── Task inputs ──

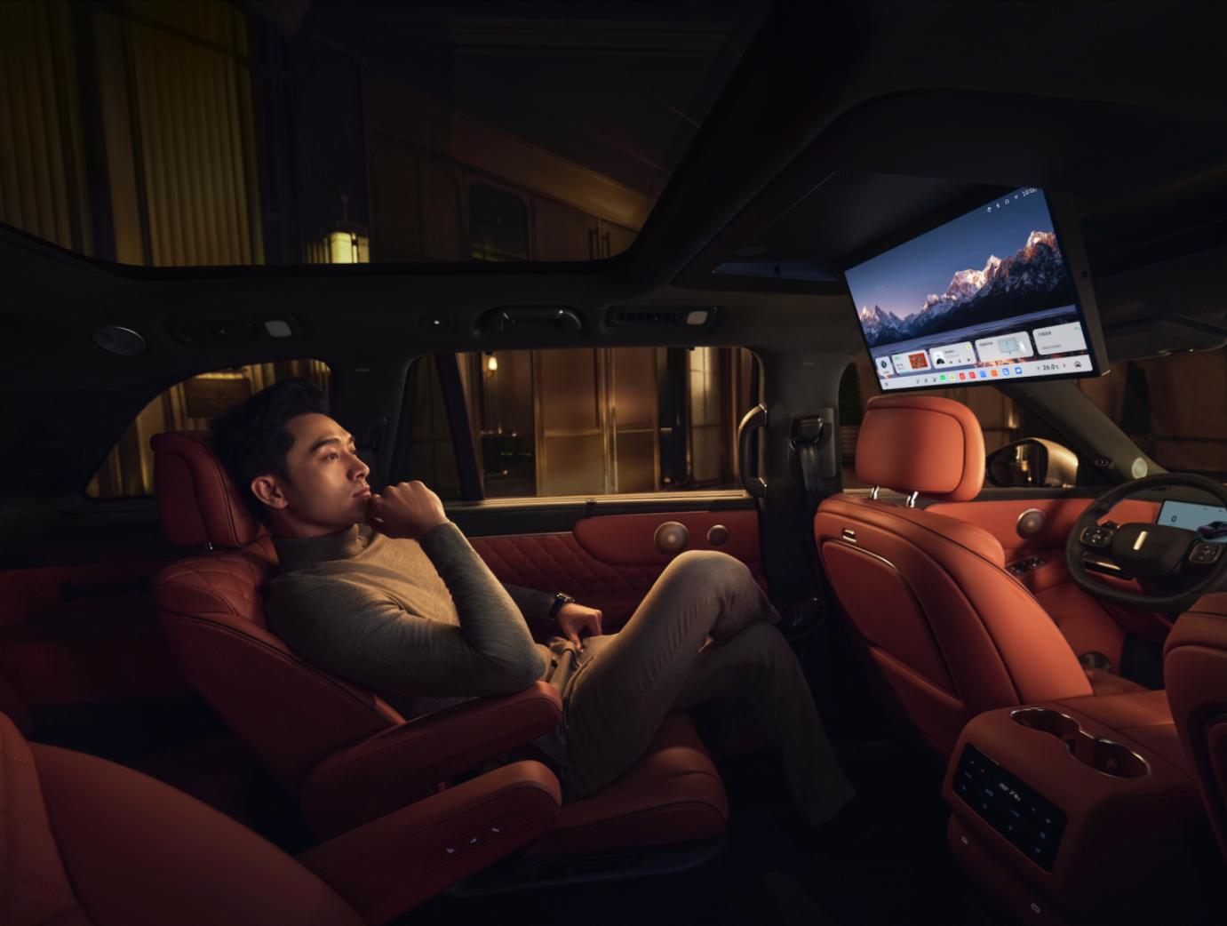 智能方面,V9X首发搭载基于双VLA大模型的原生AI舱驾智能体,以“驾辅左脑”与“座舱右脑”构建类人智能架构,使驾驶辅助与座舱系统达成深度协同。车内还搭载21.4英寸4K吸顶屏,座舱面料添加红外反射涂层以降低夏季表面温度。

───
── Task inputs ──

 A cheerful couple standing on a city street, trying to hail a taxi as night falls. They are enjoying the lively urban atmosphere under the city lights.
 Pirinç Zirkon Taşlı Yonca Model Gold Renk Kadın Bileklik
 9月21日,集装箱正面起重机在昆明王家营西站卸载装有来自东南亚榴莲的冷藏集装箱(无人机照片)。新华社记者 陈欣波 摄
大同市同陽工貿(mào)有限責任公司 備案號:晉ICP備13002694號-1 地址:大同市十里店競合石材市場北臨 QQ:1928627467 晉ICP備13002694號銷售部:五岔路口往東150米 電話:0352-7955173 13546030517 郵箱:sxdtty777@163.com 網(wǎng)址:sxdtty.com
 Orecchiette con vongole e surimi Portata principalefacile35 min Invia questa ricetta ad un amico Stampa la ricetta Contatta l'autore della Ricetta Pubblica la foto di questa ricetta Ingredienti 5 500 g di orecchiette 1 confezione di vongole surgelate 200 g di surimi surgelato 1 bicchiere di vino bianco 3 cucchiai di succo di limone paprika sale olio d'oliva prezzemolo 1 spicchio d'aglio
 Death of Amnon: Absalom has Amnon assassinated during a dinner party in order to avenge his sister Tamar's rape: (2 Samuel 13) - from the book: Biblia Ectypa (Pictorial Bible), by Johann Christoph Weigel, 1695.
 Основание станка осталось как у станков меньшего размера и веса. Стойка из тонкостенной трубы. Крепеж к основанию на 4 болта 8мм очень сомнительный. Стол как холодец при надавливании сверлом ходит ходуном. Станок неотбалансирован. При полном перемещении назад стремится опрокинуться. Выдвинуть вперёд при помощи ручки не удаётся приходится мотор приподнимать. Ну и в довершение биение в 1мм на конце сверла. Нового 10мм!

───
── Task inputs ──

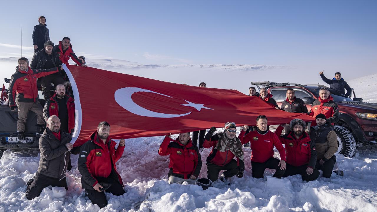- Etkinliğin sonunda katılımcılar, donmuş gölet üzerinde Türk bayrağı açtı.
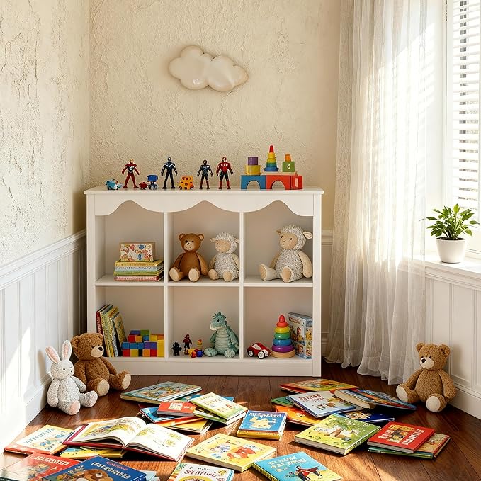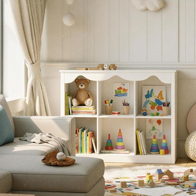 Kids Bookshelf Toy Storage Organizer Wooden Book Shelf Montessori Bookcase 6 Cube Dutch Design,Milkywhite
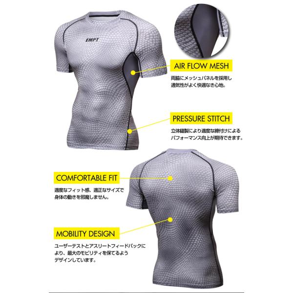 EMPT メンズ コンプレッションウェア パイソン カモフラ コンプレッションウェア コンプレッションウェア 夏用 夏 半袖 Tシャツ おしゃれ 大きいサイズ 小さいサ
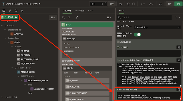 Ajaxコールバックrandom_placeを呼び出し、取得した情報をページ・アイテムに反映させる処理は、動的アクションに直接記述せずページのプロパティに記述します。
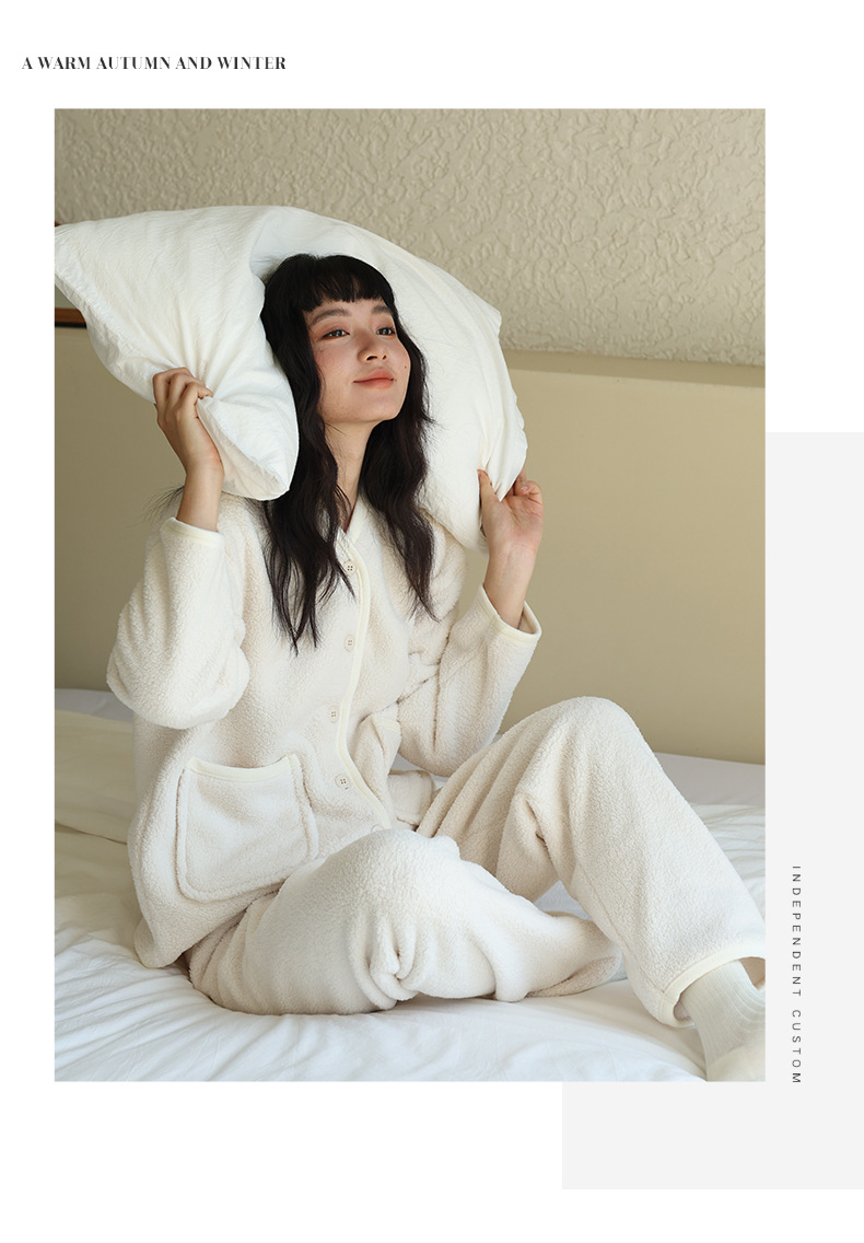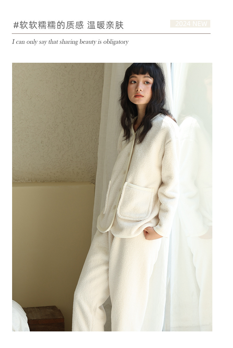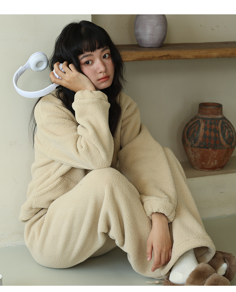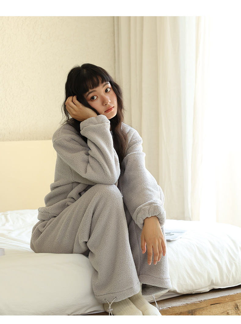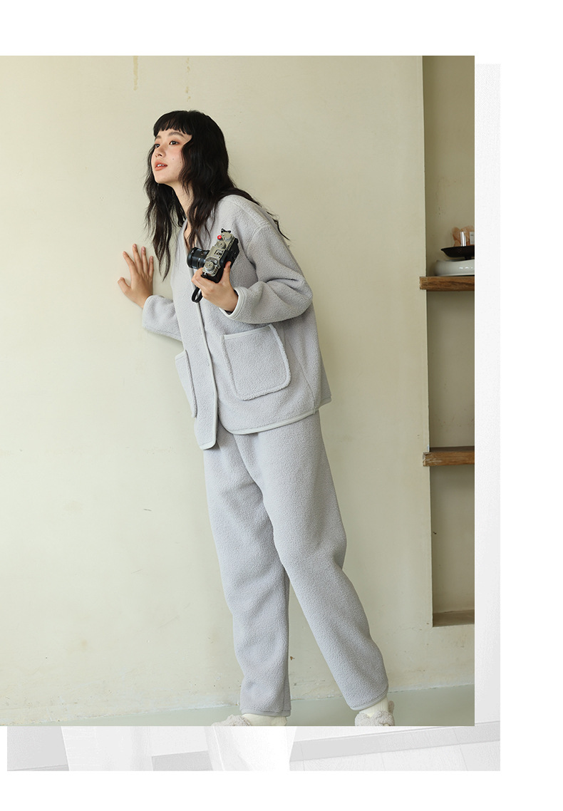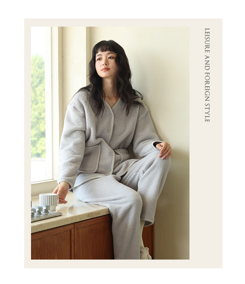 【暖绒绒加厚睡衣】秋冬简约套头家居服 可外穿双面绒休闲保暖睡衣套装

───

Directions: When you reach the line with "Death of Amnon: Absalom" in the records above, start writing out lines exactly, and stop once the line with "Основание станка осталось" has been written; include nothing else.

Task response:
 Death of Amnon: Absalom has Amnon assassinated during a dinner party in order to avenge his sister Tamar's rape: (2 Samuel 13) - from the book: Biblia Ectypa (Pictorial Bible), by Johann Christoph Weigel, 1695.
 Основание станка осталось как у станков меньшего размера и веса. Стойка из тонкостенной трубы. Крепеж к основанию на 4 болта 8мм очень сомнительный. Стол как холодец при надавливании сверлом ходит ходуном. Станок неотбалансирован. При полном перемещении назад стремится опрокинуться. Выдвинуть вперёд при помощи ручки не удаётся приходится мотор приподнимать. Ну и в довершение биение в 1мм на конце сверла. Нового 10мм!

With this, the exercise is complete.